### EXERCISE INSTRUCTIONS
Reproduce the lines below exactly. Skip images.

### COLLECTED MATERIAL
══════
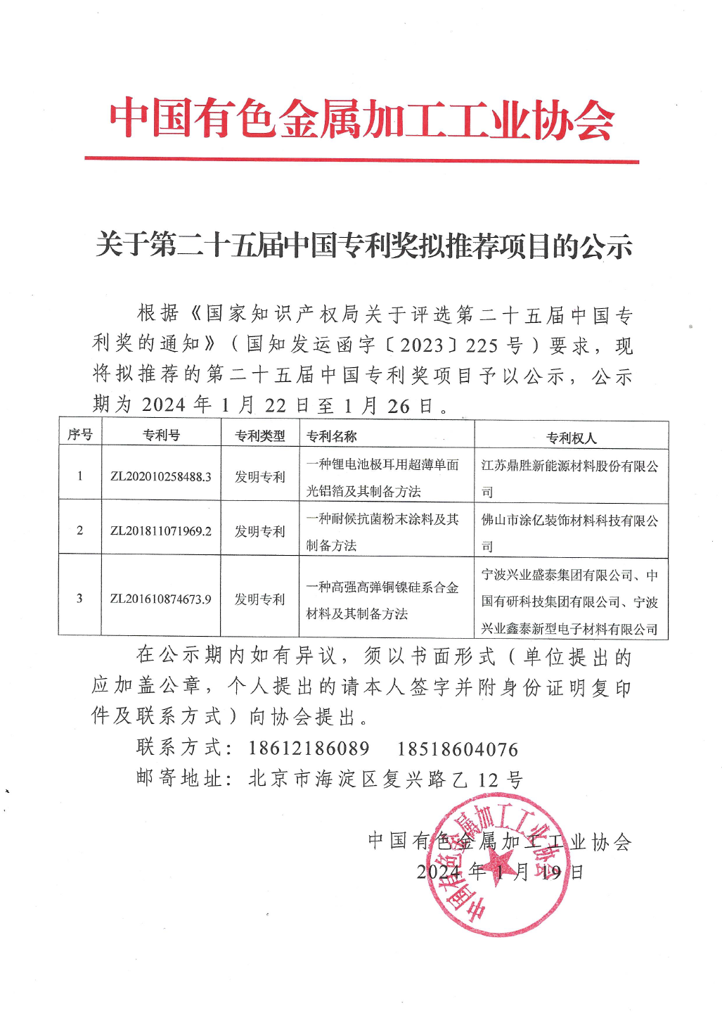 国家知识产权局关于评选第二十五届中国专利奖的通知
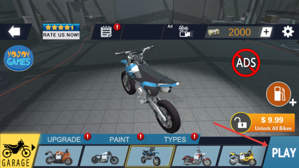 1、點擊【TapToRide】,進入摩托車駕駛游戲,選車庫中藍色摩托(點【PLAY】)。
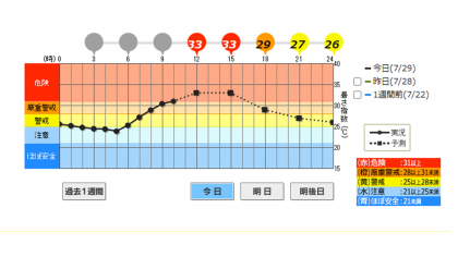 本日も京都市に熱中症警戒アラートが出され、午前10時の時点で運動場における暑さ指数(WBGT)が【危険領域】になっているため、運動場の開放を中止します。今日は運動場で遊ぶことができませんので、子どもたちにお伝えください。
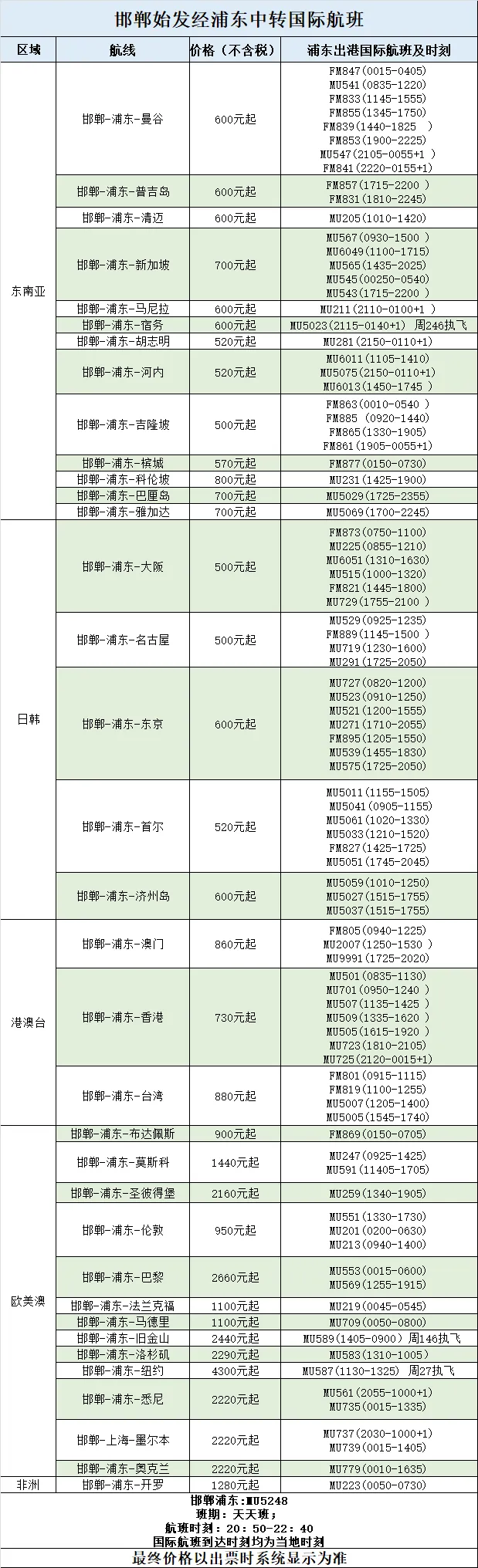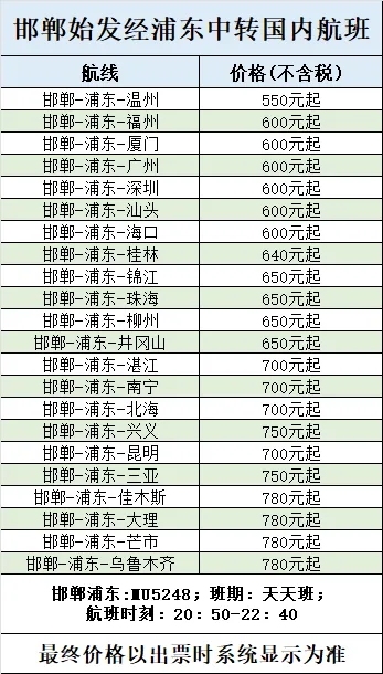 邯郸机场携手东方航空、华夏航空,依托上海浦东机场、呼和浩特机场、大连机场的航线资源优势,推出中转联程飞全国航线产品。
══════
### FINAL ANSWER
 国家知识产权局关于评选第二十五届中国专利奖的通知
 1、點擊【TapToRide】,進入摩托車駕駛游戲,選車庫中藍色摩托(點【PLAY】)。
 本日も京都市に熱中症警戒アラートが出され、午前10時の時点で運動場における暑さ指数(WBGT)が【危険領域】になっているため、運動場の開放を中止します。今日は運動場で遊ぶことができませんので、子どもたちにお伝えください。
 邯郸机场携手东方航空、华夏航空,依托上海浦东机场、呼和浩特机场、大连机场的航线资源优势,推出中转联程飞全国航线产品。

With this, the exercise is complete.